Bunsen has suggested that this designation can mean Euboean. He founds this conjecture on the facts that Acembes, with whom Euphrates is coupled, came from Euboea, and that Euboea is sometimes spoken of as ἡ πέραν, the other side. But this does not prove that the name "Peratic" would ever have been understood as equivalent to "Euboean;" it is nowhere stated that Euphrates and Acembes were fellow countrymen, and if they were, it is not likely that the one would have been designated after his town and the other generally after the island.

==History==
Hippolytus, followed by Theodoret, speaks of the Peratae as founded by Euphrates the "Peratic," and Acembes the Carystian.

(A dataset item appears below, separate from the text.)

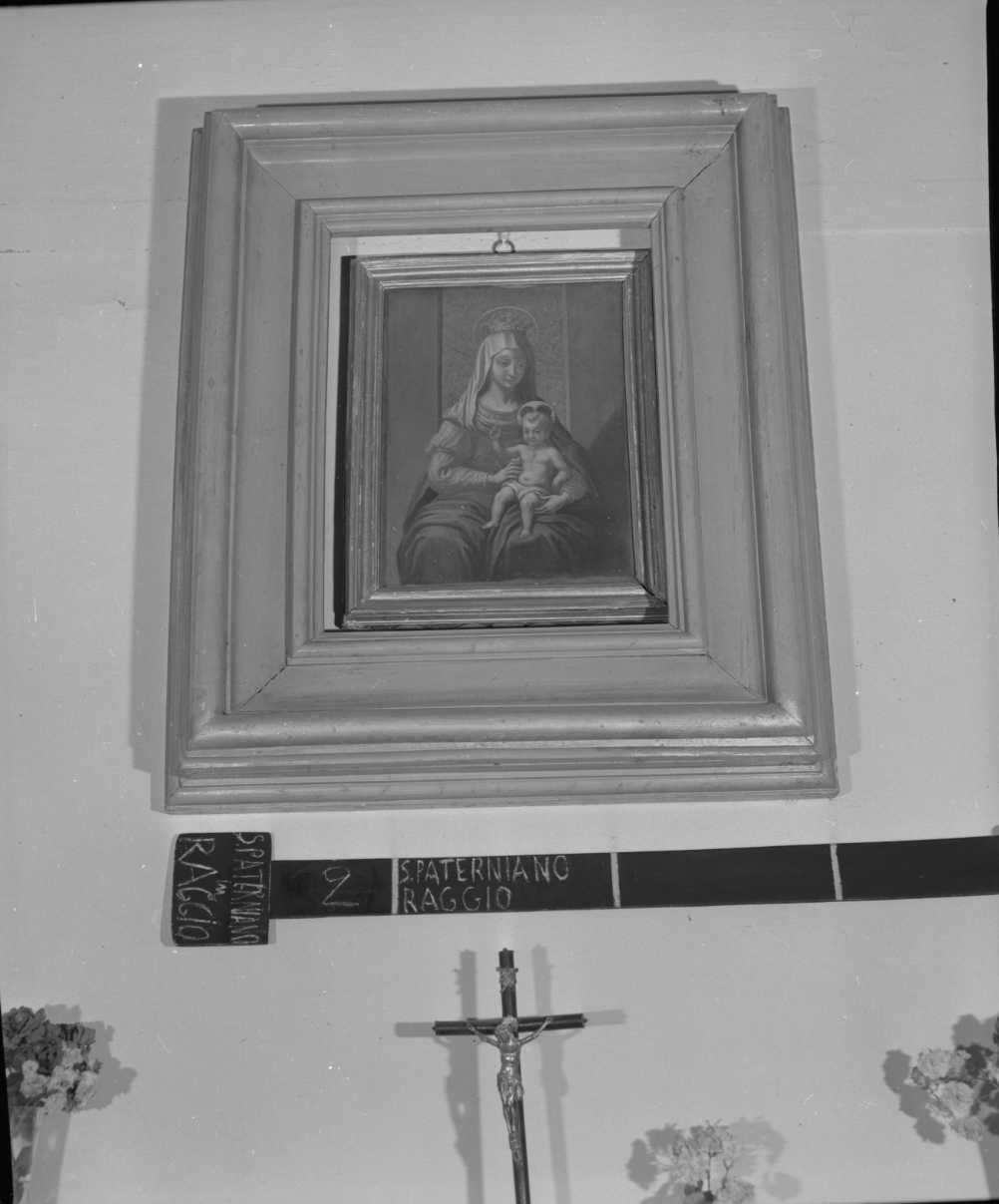 La Vergine è raffigurata seduta in trono col Bambino in grembo; il dossale del trono è a tenda di broccato, l'aureola del Bimbo crociata in rosso. Cornicetta dorata entro nicchione ligneo
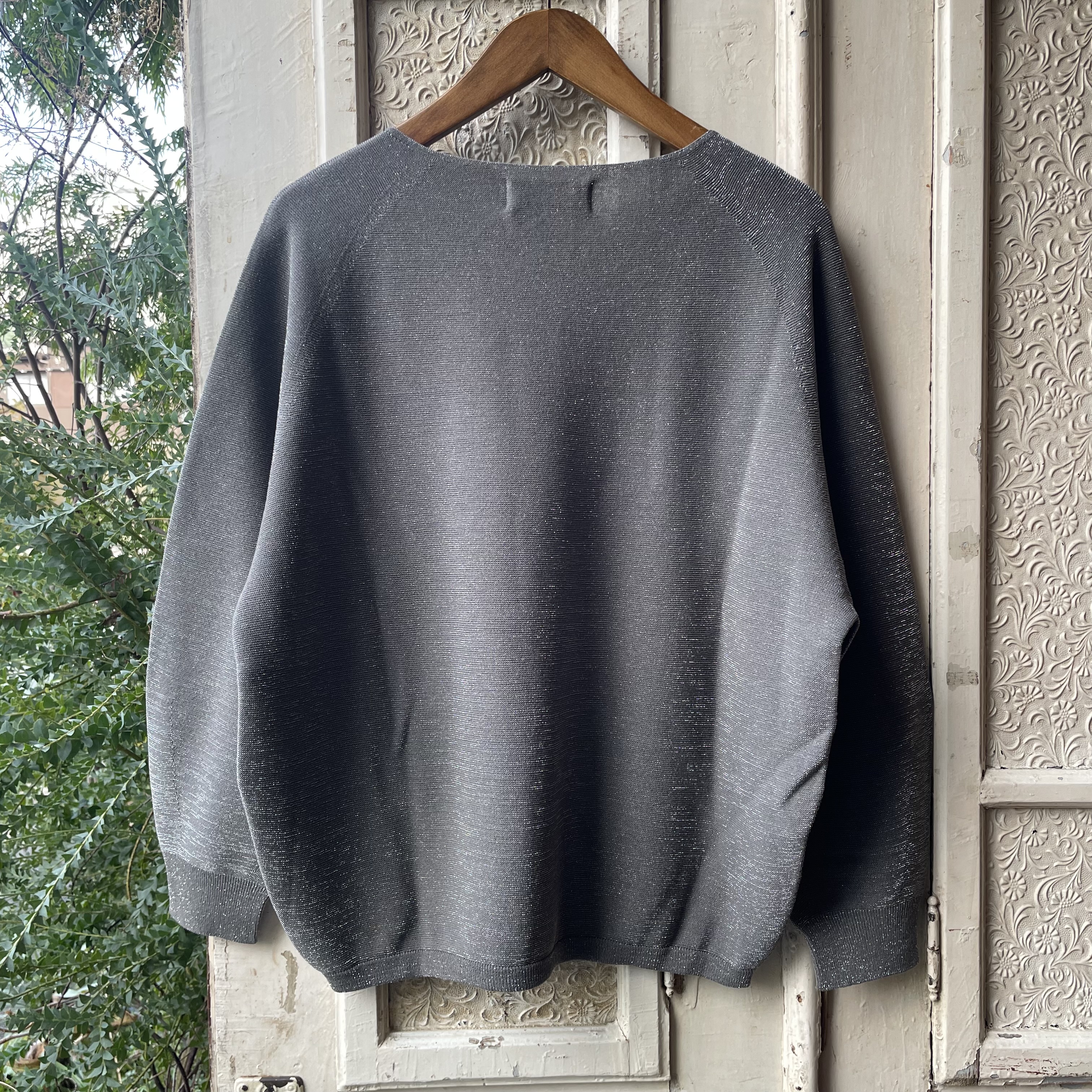 洗練されたシンプルな佇まいに、ラメ糸のさりげない輝きを添えた大人のためのニットプルオーバー。

There is certainly a case for suspicion that this Euphrates the Peratic, the supposed founder of the sect of Peratics, may be as mythical a personage as Ebion, the eponymous founder of the Ebionites. We do not read elsewhere of any Euphrates but the Stoic philosopher, who lived in the reign of Hadrian, whom we cannot suppose to have been a teacher of Ophite doctrine. But the name of the river Euphrates was largely used among the Peratae with a mystical signification; and it is conceivable that members of the sect, knowing the name to be held in honour among them, and knowing also that there had been an eminent teacher so called, may have been led to claim him as their founder. On the other hand, it is plain that the Peratic treatise of which Hippolytus gives an abstract, and which may have been also seen by Origen, contained the name of Euphrates coupled with that of Acembes the Carystian, a personage whom there was no motive for inventing. There is nothing incredible in the supposition that these are the names of real Ophite teachers, too obscure to leave any record of their existence, outside their own sect.

==Beliefs==
===Cosmology===
According to the Peratics, the cosmos is one, but also consists of a threefold division; this rendering of the cosmos they symbolized by a circle circumscribing a triangle. The circle denoted the unity and oneness of the cosmos, while the triangle represented the "Three Worlds" of Patēr, Huios, Hulē [Greek: πατηρ, ὕιος, ὕλη]. These "three Minds" or "three Gods," as they were called, each possessed certain characteristics:
- Patēr (Father) — the unbegotten perfect-goodness; megethos patrikon (Paternal Greatness)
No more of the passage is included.